Sure. The CDR IDs should be present in the spreadsheet that is uploaded with the recorded files to the FTP site, right ?
Right. We'll need to agree on which column the software should look in to find the value.
I propose the following expected column positions for the audio spreadsheets:
column A - CDR ID for TermName
document (required integer)
column B - term name string to be pronounced (required)
column C - English or Spanish (required string)
column D - optional pronunciation string
column E - relative path name for MP3 file (required when import stage has been reached)
column F - notes from Vanessa (optional string)
column G - notes from NCI (optional string)
column H - CDR ID for Media
document to be updated (optional integer)
Three questions:
Can we agree on this column positioning?
Should the import software abort if it encounters an ID in column H for a non-Media document?

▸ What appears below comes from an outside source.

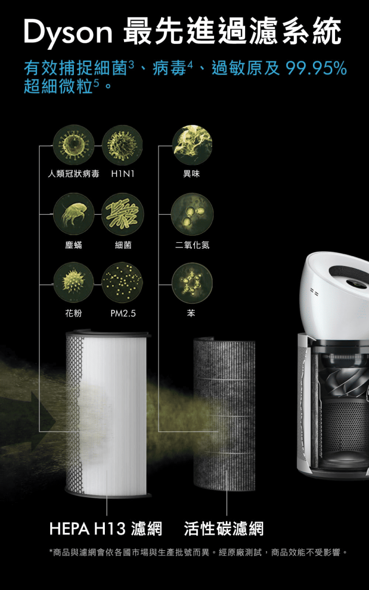 3. 測試符合 PM0.1的過濾效率( EN1822 及 ISO29463 標準),氣體捕捉率會有所不同。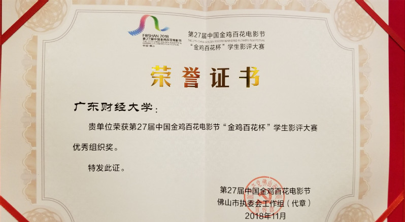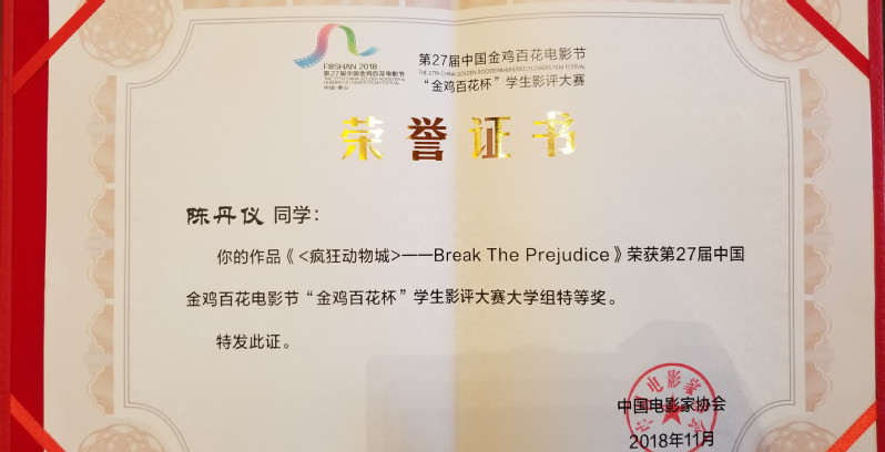 11月10日下午,中国电影高峰论坛优秀学术论文暨“金鸡百花杯”学生影评大赛颁奖仪式在佛山举行。我校法学院2017级陈丹仪同学的影评作品《“疯狂动物城”——Break The Prejudice》荣获大学组特等奖。此外校区学生另有1件作品荣获大学组一等奖、4件作品荣获大学组二等奖,2件作品荣获大学组三等奖,学校获评此次影评大赛“优秀组织奖”。

Should the import software abort if an ID is given in column H for which no CDR document exists?
Column H in the current spreadsheet is labeled "Reuse Media ID". I assume what you're proposing is for the same use. If that is the case, can we retain "Reuse Media ID" ?
So you're suggesting that I find the CDR ID rather than have the spreadsheet provide it? If so, what would be the drawback to having the software always re-use the existing Media document's ID whenever it finds a media link for a given term name string? That way the new column wouldn't be needed at all.

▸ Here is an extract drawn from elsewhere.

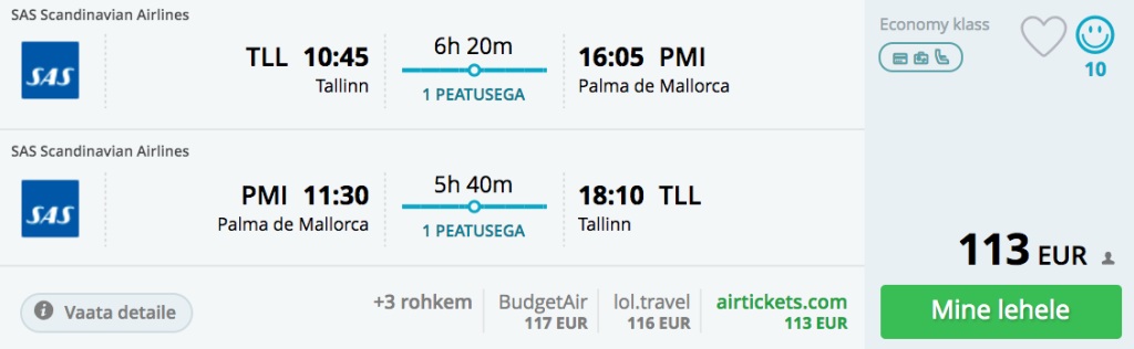 Kasuta soodsat juhust puhkamaks sügisel Mallorcal! Oktoobris on merevesi veel 20+ kraadi ning päevased temperatuurid võivad kerkida üle 25 kraadi. Kuna tegemist on juba madalhooajaga, siis leiab ka väga hea hinnaga korralikke hotelle. Edasi-tagasi lennupiletid SASiga Tallinnast Palmasse on saadaval alates 113€ eest ning lennud on ühe ümberistumisega Stockholmis. Kõik meie poolt välja otsitud näidiskuupäevad on kiirete ümberistumistega, ning ööd Stockholmis veetma ei pea.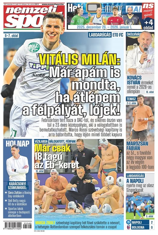 Vitális Milán: Már apám is mondta, ha átlépem a félpályát, lőjek!; Jóból és rosszból is kijutott a magyar tenisznek 2025-ben – a Nemzeti Sport keddi számából ajánljuk!

The spreadsheet will still provide the CDR ID of the terms being re-recorded. I think we already agreed that CIAT will use the column to provide the CDR IDs of the terms that are being re-recorded. We had also agreed on what to name the column in this ticket OCECDR-4507.
"Bob will add a column to the spreadsheet with the heading "Reuse Media ID". This will be used to enter the media IDs for any pronunciations that are being re-recorded so that Bob doesn't create new media docs for them."
So my request is to get clarification on that and possibly keep the original column name.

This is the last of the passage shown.